For one, there is no distinct national security matter that can be found within the four corners of the Venable lobby contract. The President herself said in a televised interview at ANC Channel that lobbying is an accepted practice in the United States and there is nothing inherently wrong with entering into a contract with a foreign lobbyist. If the president freewheelingly justifies the necessity of a lobby contract, what national security matter is the Executive Secretary invoking?
Secondly, all lobby contracts are required to be registered under the Foreign Agents Registration Act, the Lobby Disclosure Act of 1995 and its 1998 Technical Corrections. The Venable contract is no exception and in fact, stipulated that it would have to be registered in compliance with federal laws.
If the lobby contract is required under federal laws to be disclosed, and its copy readily downloadable in the internet and available under the Freedom of Information Act, what national security matter is the Executive Secretary invoking?
National security has been the bogeyman invoked by the Executive Branch when it refuses to disclose certain information. While respect must be accorded to the executive department when the privilege is claimed, comity dictates that the claim must not be invoked in so facile a manner as to show disrespect or demean the intelligence of a co-equal branch of government.

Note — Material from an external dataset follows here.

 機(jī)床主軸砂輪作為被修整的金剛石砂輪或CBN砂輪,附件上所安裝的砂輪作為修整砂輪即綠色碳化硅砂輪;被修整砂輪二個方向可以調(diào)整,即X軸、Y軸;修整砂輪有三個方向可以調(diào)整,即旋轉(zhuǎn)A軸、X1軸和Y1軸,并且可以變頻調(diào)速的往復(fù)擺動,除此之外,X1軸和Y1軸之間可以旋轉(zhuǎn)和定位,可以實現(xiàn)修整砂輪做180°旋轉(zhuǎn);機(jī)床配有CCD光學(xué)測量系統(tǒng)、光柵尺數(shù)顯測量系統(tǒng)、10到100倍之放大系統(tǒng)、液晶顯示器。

In contrast to the argument hurled by the Executive Secretary, the late Justice Byron White's appreciation of national security in Mitchell v. Forsyth is far more skeptical when he wrote that “the label of `national security’ may cover a multitude of sins”.

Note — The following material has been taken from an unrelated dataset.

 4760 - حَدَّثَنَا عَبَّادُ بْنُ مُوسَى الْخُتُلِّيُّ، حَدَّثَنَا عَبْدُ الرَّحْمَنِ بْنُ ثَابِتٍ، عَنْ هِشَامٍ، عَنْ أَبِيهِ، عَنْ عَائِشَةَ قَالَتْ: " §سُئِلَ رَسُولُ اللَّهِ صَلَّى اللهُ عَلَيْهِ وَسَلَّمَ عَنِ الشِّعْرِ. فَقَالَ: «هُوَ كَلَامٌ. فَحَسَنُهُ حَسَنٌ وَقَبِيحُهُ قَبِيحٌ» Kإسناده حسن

With Mr. Gonzales at the helm of National Security, we cannot even begin to count them.
3 Comments:
Yes that's true. But notice how the Senate is being portrayed as the arrogant, capricious and arbitrary jailor and Secretary Gonzales as the meek and humble lamb brought to the slaughter...
I will not be surprised if, in the end, the people will be deceived to consider Norbert as a martyr for freedom. Tsk tsk. With a propaganda machine like GMA's, that is not a remote possibility - it is a most possible outcome.

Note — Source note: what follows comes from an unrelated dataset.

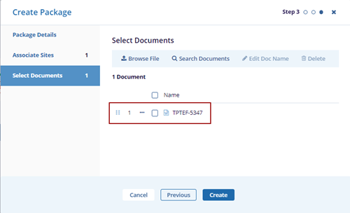 - Click the Create New option. The Create Package pop-up window is displayed.

I suggest that the Senate release him Monday as to preempt the SC. Rationalize that the truth can be gathered from other, more sensible sources.
The other reason why I think the Senate, specifically, Joker Arroyo refused to grant him executive session is that Bert Gonzales was dealing with Joker Arroyo, a former Executive Secretary who knew what national security was all about. It was during his stewardship of that office when the military launched a series of coups to topple Cory.
I think Mr. Gonzales knew that and for that reason, he could not have invoked national security before Joker Arroyo.
Moreover, there was really no intent to invoke national security because had there been a claim for national security, the President, under the Constitution, could have written a letter to the Senate requesting for an executive session. The President did not do so and therefore, there was no compulsion or interdepartmental courtesy to convoke in executive session.
That was the fault of the Executive Department and Sec. Ermita's statement is really a mere afterthought.